6 Albums That Changed My Life
There seems to be a trend on Instagram lately with the “Add Yours” feature where people share six albums that changed their lives. Or maybe that trend is already over and I’m late to the bandwagon as usual.
Me being me, there’s no way I can show the album covers without ever talking about the albums and why I chose them. What better way to ramble than to turn this into a blog post?
Honestly, I struggled with this quite a bit since I’m not someone who has ever been super into music. At least, not to the same extent that most of my friends are.
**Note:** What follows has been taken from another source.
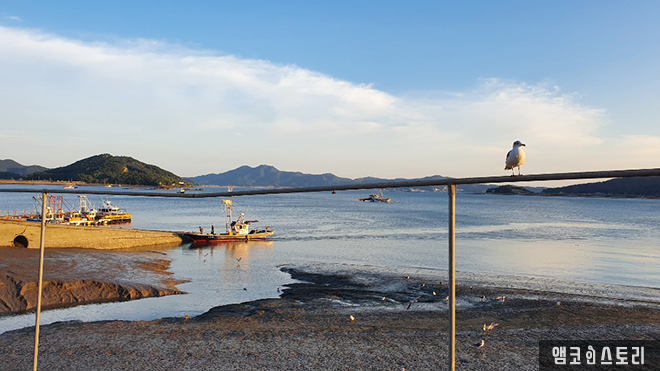 주차장에 주차하자 저 멀리 바다가 보입니다. 엄지 척! 따봉을 치켜세우며 관광객을 맞이하는 새우 조형물이 재미를 선사합니다. 바다 건너 석모도가 바라다보이는 항구의 모습, 여전히 그곳을 지키고 있는 선착장에 다다르자 과거 카페리호를 타던 추억이 아련히 떠오릅니다. 이제 이곳을 오가는 배는 없지만 배를 따라 날아다니던 갈매기들은 여전히 자리를 지키고 있었어요.

For me, I pretty much stick to the artists I like and rarely venture beyond that unless it’s a recommendation from someone whose music taste I trust/is similar to mine. I’m not the kind of person who always has music playing in the background either. In fact, most of my Spotify minutes are made up of listening to podcasts.
That’s not to say that I don’t like music, I do. But it’s never been as big a part of my life as it seems to be for a lot of other people I know. Truly, it wasn’t until meeting Jemi in college that I really began to listen to music more. Part of that, I think, was out of habit because she almost always had something playing.
Anyways, let’s get into the few albums that have really made an impact on my life. I’ve listen them in the year they were released, mostly for the sake of convenience and organization.
Red (2012) - Taylor Swift
Obviously, I do have to make the disclaimer that we should all be listening to Taylor’s Version of the album that dropped in 2021, but I first listened to Red when it came out in 2012 and it’s been a decade of love.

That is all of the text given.